Teen Daughter Finds Out About Her Mother’s Affair.
I (F20) developed a very healthy relationship with my mother about two years ago. I considered her my best friend and so did she. I even told her about my boyfriend after years of hiding it. She was very supportive of me and happy too.
An year later I found out that she is cheating on my father. I was devastated because I thought of her as my role model. I didn’t tell my father because I have a brother with special needs who needs them. I didn’t even confront my mother but we kinda started drifting apart. A couple of months later she confessed it to me. She gave a few excuses as to why her cheating on my father isn’t as bad (1. They have a 20 year age gap 2. Unhappy sex life 3. My father has health issues and she’s tired of giving up everything to take care of him 4. She can’t divorce him because of my brother). I get it, I see her point. I let it slide because she’s a good mother and it’s her personal life.
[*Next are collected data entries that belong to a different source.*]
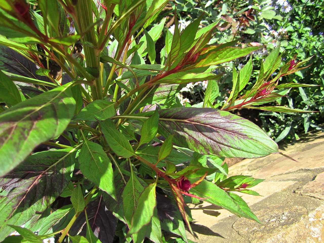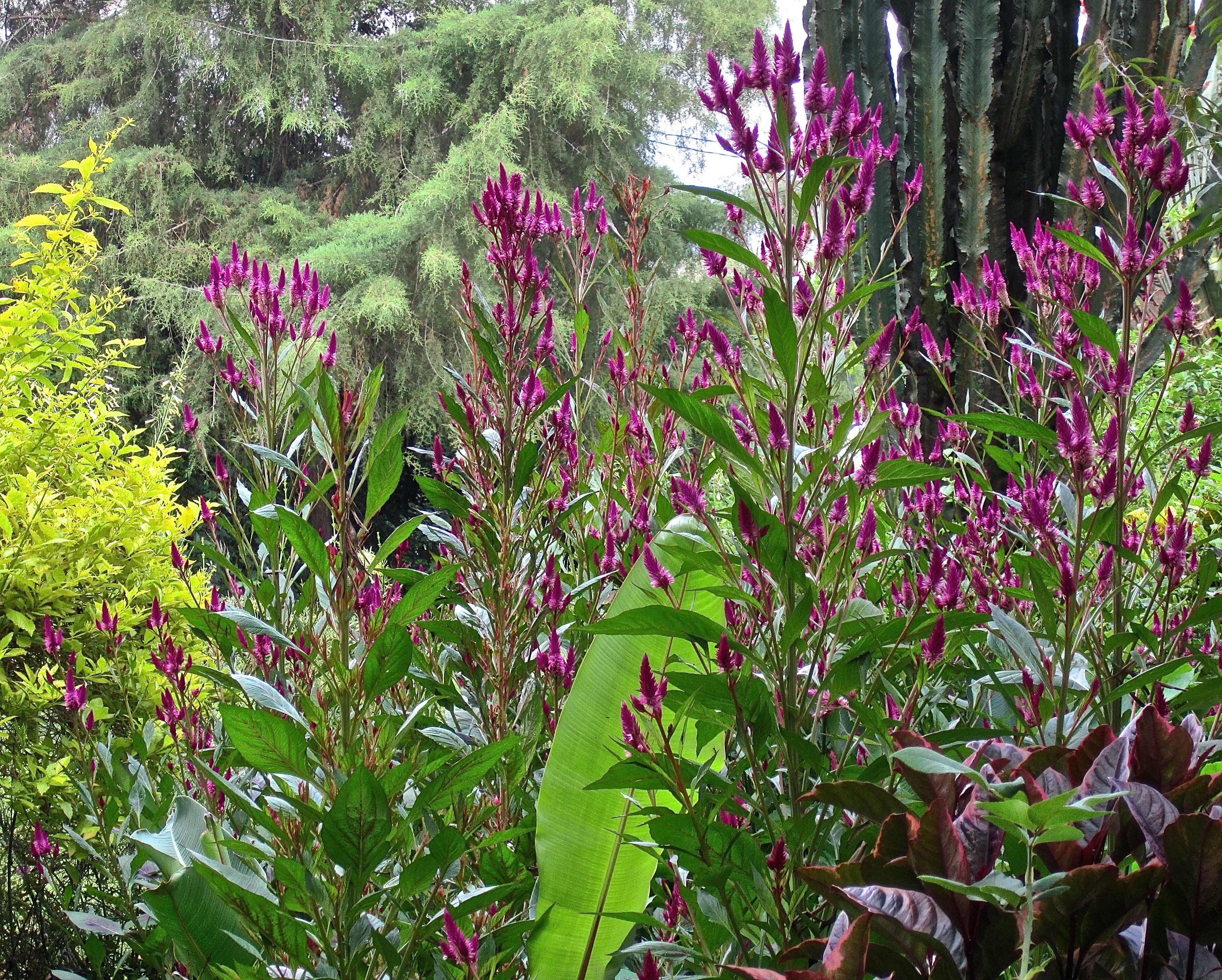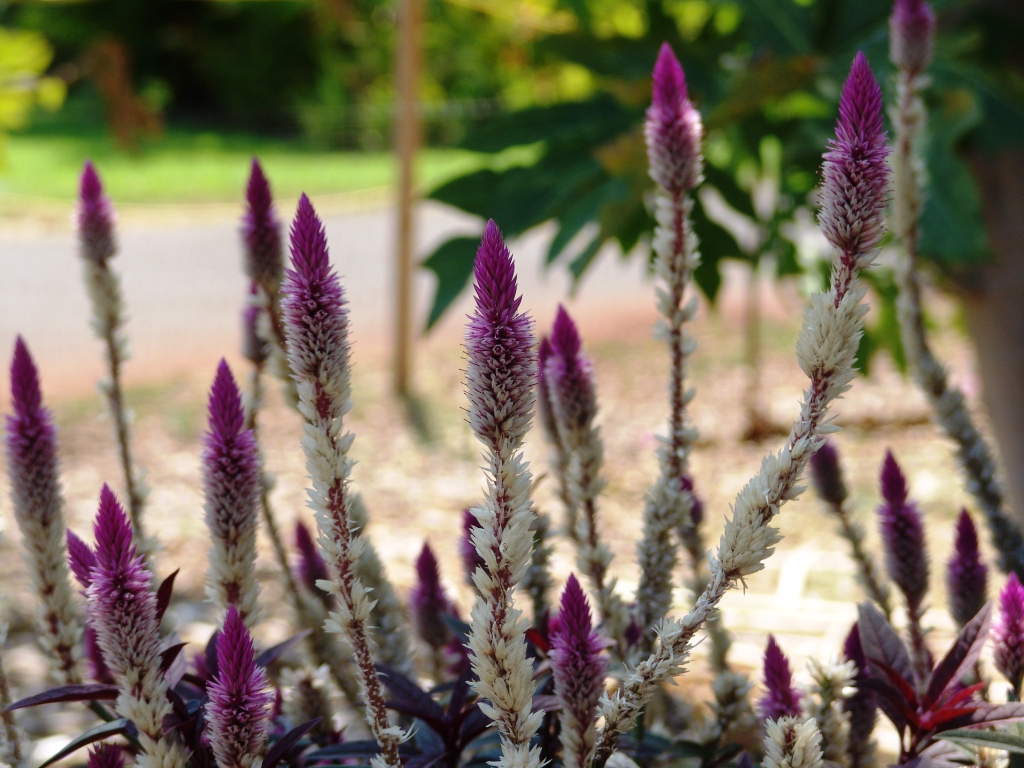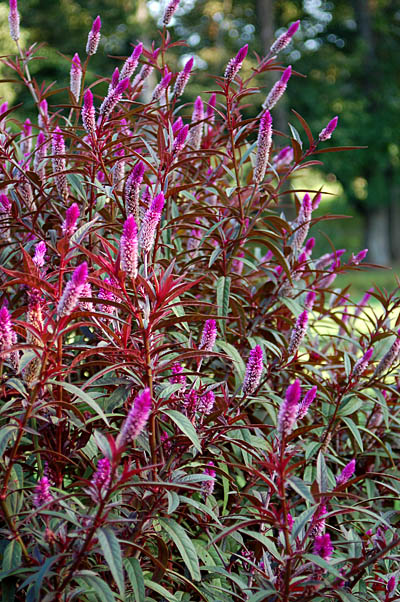 עונתי. פריחה נאה וארוכה בצבעים סגול/ורוד/לבן, השיבולים מתפתלות בסתיו כמו צוואר פלמינגו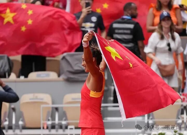2024年8月3日,巴黎奥运会网球女单决赛,郑钦文身披国旗庆祝夺冠。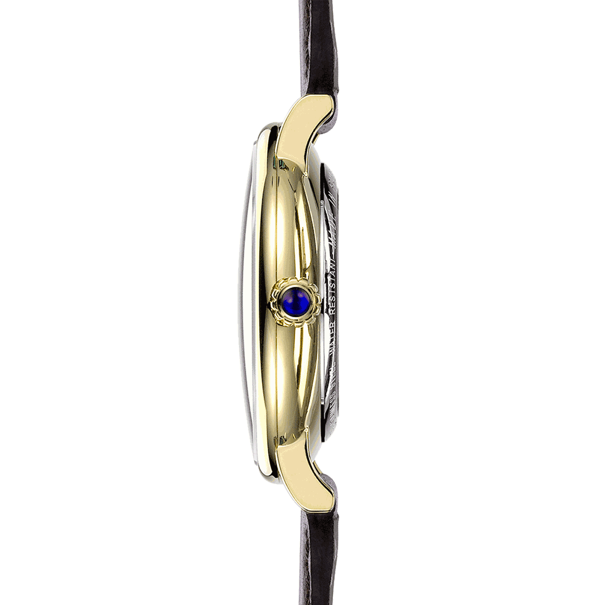 The HERBELIN Inspiration 1947 timepiece draws on the legendary first watches created by Michel Herbelin in the 1950's. This Inspiration is fitted with a Swiss automatic wound mechanical movement, whose workings can be admired through its transparent caseback. Its softly rounded 40 mm diameter case provides a distinctly vintage feel. The silver/white dial decorated with a brushed sunray pattern that reveals multiple nuances in the light. Complemented with a discreet date aperture at 6 o'clock, the ensemble plainly marks the passage of time. This piece is finished with a ribbed, ball-shaped crown set with a blue cabochon, and paired with a brown pattern leather. A gem of watchmaking art, it was designed and assembled in France at the Michel Herbelin studios.

BUT the problem is that she thinks that her having an affair is the same as me being in a relationship. She wants to gossip about this new guy when I clearly don’t want to listen. She told me once how he considers me his daughter and I straight up told her that I’m not a orphan for him to try and be my father. My mom took it personally. This guy tries too hard to act like he’s a part of our family. I hate it. I tried to talk to my mother about how I don’t want to listen about this new guy, she can do whatever she wants and I won’t tell, but I just don’t want to hear it. It worked, she stopped talking about him. But she also stopped talking to me in general. Whenever she talks, it’s always complains about my father.
Ever since she has been really passive aggressive towards me for not accepting the guy and being supportive of her “relationship”. She’s always throwing taunts in my way, in everything I do. Here’s an instance:
MOM: Women have to suffer so much. Don’t do this, don’t wear that..
ME: Yeah. What’s worse is that women don’t even support other women.
MOM: True. When your own daughter doesn’t support you how do you expect other women to? sarcastic smile Am I wrong?
I can’t take this anymore. I’m tired. Why is it impossible to make her understand that it’s difficult to hear things against my father and that it doesn’t necessarily mean I am against her? How do I make her understand without her turning this into some sort of argument?